Workers in UK factories are being paid less than half the minimum wage to create clothing for high profile retailers, an undercover report has claimed.
Channel 4 documentary series Dispatches claims high street retailers used suppliers who paid between £3/hour and £3.50/hour, and routinely broke employment laws in a programme called Undercover: Britain’s Cheap Clothes, which is due to air tonight.
Factory bosses told an undercover reporter they were unable to pay the minimum wage of £7.20/hour because they needed to compete with cheaper producing countries such as China and Bangladesh, according to the programme.
An undercover reporter worked at Fashion Square on clothes for River Island, where he was paid £110 for a week, which equates to £3/hour.
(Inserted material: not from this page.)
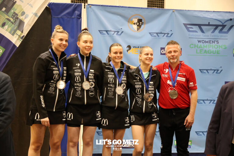 1,1K Cinq jours après avoir été sacrées championnes de France Pro A Dames 2025, les joueuses du Metz TT ont échoué à une marche du graal européen, malgré leur victoire en finale de Ligue des Champions retour (3-2), face à Berlin. La saison de Metz TT s’achève sur une médaille d’argent obtenue à la maison en finale de Ligue des Champions. Loin de posséder les plus grandes ressources du tennis de table européen, le club a encore réussi une belle saison, avec une nouvelle finale de Ligue des Champions et un sixième sacre de champion de France. Après la défaite 3-1 à l’aller, les Messins ont remporté la finale retour 3-2. Le trophée revient donc à Berlin, vainqueur au meilleur des deux matchs. Mariia Tailakova expédie Surjan (1-0) Mariia Tailakova. Crédit Photo : Nicolas Martino / Let’s Go Metz Dès l’entame, Mariia Tailakova poussait son adversaire serbe à la faute, pourtant en forme une semaine plus tôt (8-4). Les échanges fusaient et ne s’éternisaient pas. Après quatre minutes de jeu, Tailakova servait pour le gain du premier set, un coup droit suffisait pour prendre les commandes. Très active la Russe poursuivait sur le même rythme, Surjan passait à côté de cette première affiche (5-0). La cadence ne ralentissait par pour la joueuse russe de 24 ans (8-3). De nombreux espaces se libéraient, la Mosellane accélérait. La joueuse de Berlin revenait tout de même au contact. Au terme d’un échange musclé, Tailakova remportait le gain du set (11-9). Galvanisée, la locale réussissait le match parfait (3-0, dans le 3e set). Au mental, la Berlinoise prenait les commandes sans inquiéter son homologue (5-7 puis 7-7). Avec beaucoup de chance en sa faveur sur l’épilogue, l’ancienne 52e mondiale offrait le premier point de cette finale au Metz TT. Shan prend sa revanche et donne l’égalisation à Berlin (1-1) Dans un tout autre style, Adina Diaconu affrontait Xiaona Shan et son jeu atypique. D’entrée, la pongiste de Berlin laissait trop d’espaces à son adversaire (4-1). Ensuite plus agressive, la 62e mondiale obligeait Diaconu à tenir l’échange. Grâce à un service qui portait ses fruits, Shan filait vers le gain de la première manche (4-9). Poussée par plus d’un millier de personnes, Diaconu se relevait, mais c’était insuffisant. La joueuse du Berlin TT décrochait un coup droit saillant pour mener 2 set à rien (7-11). Plus solide lors d’échanges longs, Xiaona Shan restait en tête (11/7, 3/0). Après un nouveau temps mort, la Roumaine retrouvait des couleurs (4-4) mais cela ne suffisait pas, la pongiste de 42 ans tenait sa revanche après avoir été défaite à l’aller (3 sets à 2). Berlin n’était plus qu’à un succès d’un nouveau trophée européen avec la victoire conquérante de Shan (3 sets 0). Griesel offre le titre aux siennes (1-2) Dos au mur, Metz TT lançait Charlotte Lutz pour la troisième confrontation du soir. 120 places à l’échelon mondial séparaient la Française de l’Allemande, la différence se faisait ressentir dès les premières secondes. La Championne de France en double mixte 2025 prenait son envol (6-1). Après quelques points sous tension, la pongiste de 20 ans retrouvait son agressivité pour expédier l’échange (9-5). Griesel finissait par céder après s’être accrochée (11-8). La joueuse originaire d’Alsace ne relâchait pas ses coups (6-3). Plus adroite, Mia Griesel effectuait une remontée (6-7). Avec davantage de sang froid, l’Allemande égalisait à une manche partout. Charlotte Lutz. Crédit Photo : Nicolas Martino / Let’s Go Metz Les débats continuaient à être disputés (5-3). Le gain de cette rencontre allait se décider au mental. La locale serrait la vis en défense (9-4) et s’adjugeait la deuxième manche (11-5). Toujours aux coudes à coudes, les deux adversaires ne parvenaient pas à se départager dans un quatrième set disputé. À ce jeu-là, l’Allemande sortait les muscles et forçait les deux équipes à se départager au terme d’un ultime set en 6 points gagnants. Sous pression, Charlotte Lutz prenait les deux premiers points du 5e set. La suite ressemblait un bras de fer. La Berlinoise pouvait finalement exulter au terme d’une bataille spectaculaire. Après 1H48 de match, Berlin avait scellé sa sixième Ligue des Champions de son histoire. Sarah de Nutte offre une victoire symbolique au Metz TT (3-2) Sans pression, après le forfait logique – décision des entraîneurs pour écourter la rencontre, car Berlin était déjà assuré de remporter la Ligue des Champions – de Xiaona Shan face à Mariia Tailakova dans le match 4, Metz et Berlin allaient se départager pour la victoire symbolique du jour dans un dernier match. Ce fut l’occasion de voir les numéros 4, la Luxembourgeoise Sarah De Nutte (32 ans) face à Josephina Neumann (15 ans). C’est l’Allemande, davantage agressive, qui prenait des commandes (9-11). Le deuxième set, une nouvelle fois accroché (12-10) tournait à l’avantage de la Luxembourgeoise. Partie pour mener ensuite 2 manches à 1, la protégée de Loïc Belguise avait du mal (7/3 puis 9/11) face à la plus jeune joueuse de la compétition. Cette dernière finissait par s’incliner sur le gong (6-5), dans un ultime set. La déception était palpable au Metz Tennis de Table, passé si proche du graal européen. Ceci n’a pas empêché Loïc Belguise d’annoncer l’unique et seule recrue pour la saison prochaine à la fin de cette finale de Ligue des Champions : la pépite égyptienne, Hana Goda (25e joueuse mondiale). De quoi réussir à soulever le trophée dans le futur ? Metz TT 3-2 Berlin Tailakova – Surjan (11/6, 11/9, 11/9) Diaconu – Shan (7/11, 5/11, 5/11) Lutz – Griesel (11/8, 9/11, 11/5, 9/11, 4/6) Tailakova – Shan (victoire par forfait 3-0) De Nutte – Neumann (9/11, 12/10, 9/11, 11/6, 6/5) Crédit Photos : Nicolas Martino / Let’s Go Metz

The boss said: “We don’t get paid much for our clothes, and we need to compete with China and Bangladesh. They can get it cheap there. How will they get it made cheaper here? If we pay everyone £10 or £6 then we will make a loss.”
Drapers has not been able to contact Fashion Square but in correspondence with Disptaches, the firm denied anyone at the factory was paid below the legal wage.
A River Island spokesman said: “This factory was removed from our Approved Factory List in February 2016, following two failed River Island audits. Suppliers were informed not to use this factory for any further River Island orders. We are investigating this issue and will take appropriate action.
“Sub-contracting without River Island’s approval is a serious breach of our terms and conditions,” he added.
The reporter was also employed by another factory, where he is not told the name but is producing clothing for New Look on behalf of TS Knitwear and paid £3/hour.
New Look said it did not know production was being outsourced to another factory and has terminated its relationship with TS Knitwear with immediate effect. TS Knitwear has also said it will no longer outsource manufacturing to other factories as it is “very difficult for us to police or monitor production of outsourced work”.
Finally, the reporter worked at United Creations, which produces clothes for Boohoo and Missguided, and was paid £3.25/hour. He was also concerned about fire risks as there was rubbish piled on the factory floor, the fire exits were blocked and a worker was smoking on the factory floor.
Drapers has been unable to contact United Creations but the firm denied to Dispatches anyone at the factory was paid below the legal wage and said an independent Fire Risk Assessment was carried out at the factory in June 2016.
Boohoo said United Creations is not a direct supplier and it was “totally unaware that United Creations had been used for any part of the manufacturing process”. A spokeswoman for the etailer said it has since taken it up with both the direct supplier and had a member of its compliance team visit United Creations last week.
”Boohoo’s standards and ethics will not tolerate suppliers paying less than the national minimum wage and we have made United Creations aware of the standards they will have to attain if they are ever to become a supplier to Boohoo,” she said.
Missguided, meanwhile, said it demands the highest standards of safety, working conditions and pay from all of its suppliers and subcontractors.
“We have suspended production with the factory in question with immediate effect and are committed to finding a resolution to these concerns with the best interests of the workers as a priority,” said a spokeswoman.